Wednesday, December 24, 2008

Santa didn't listen

I guess I didn’t get my letter off to Santa in time. Just a day after I included “more college wrestling programs” on my wish list came the news that Norwich University in Northfield, VT will drop its wrestling program at the end of the academic year.

Here is a copy of the press release from Mike Moyer at the National Wrestling Coaches Association.

Without question these are difficult economic times. Companies, government agencies, colleges and universities – and you and I – are all looking for ways to cut expenses. Institutions of higher learning throughout the land are watching their endowment funds shrink with every point the Dow Jones Average falls. In the minds of many college administrators, athletics should be the first budget cut – with “Olympic sports” the first to go. As in the case of Norwich University – wrestling will top many “cut lists”. It seems an easy choice, “computer science or wrestling?” It seems easy – but is it?

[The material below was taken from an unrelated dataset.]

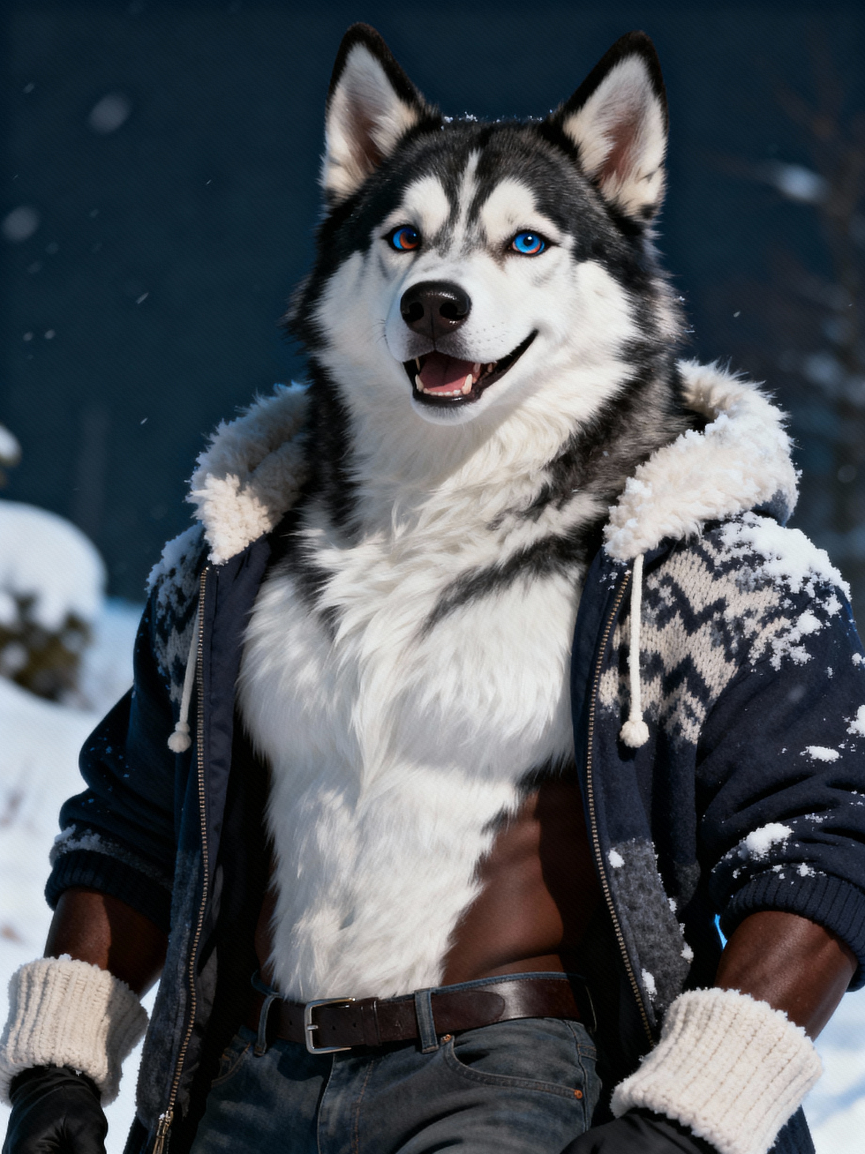 furry character of husky fursona of model with strong husky features, thick fur markings, and alert ears, wearing cozy winter clothing, cheerful expression, detailed digital furry art style, cool colors

Wrestling has been a part of education since Socrates. Plato wrestled. As Mike points out in his press release, thirteen presidents and seventeen astronauts wrestled. Nobel laureate, Dr. Norman Borlaug, has credited his high school wrestling coach in Cresco, IA with teaching him the discipline he needed to carry out his research. It is not a stretch to say that millions of people around the world have been saved from starvation, in part, because of the lessons taught Dr. Borlaug by wrestling. Isn’t education supposed to be about teaching the “whole student”?

Norwich University was founded in 1819 by Alden Partridge and is the country’s oldest private military school. It says on the Norwich website, “Norwich has a mission, a job to do, and it takes it very seriously. We are here to serve this great nation and educate students who will become leaders in business, government, and the military in order to advance the causes of the Republic, ensure its continued freedom, and develop the economic, political, and social infrastructure of this new century.”

We are at war and facing an economic crisis. Don’t we need young leaders who have learned how to “get off their backs” and triumph?

I urge you to join Mike in his letter writing campaign. Please express your concerns to

Dr. Richard M Schneider
President
Norwich University
158 Harmon Drive
Northfield, VT 05663

and

Gen. Gordon R. Sullivan, Chairman
Norwich University Board of Trustees
c/o David Whaley, Secretary
158 Harmon Drive
Northfield, VT 05663

I also reiterate Mike’s request that you be respectful when you write. We’re in for a long battle, but we’re up to the challenge.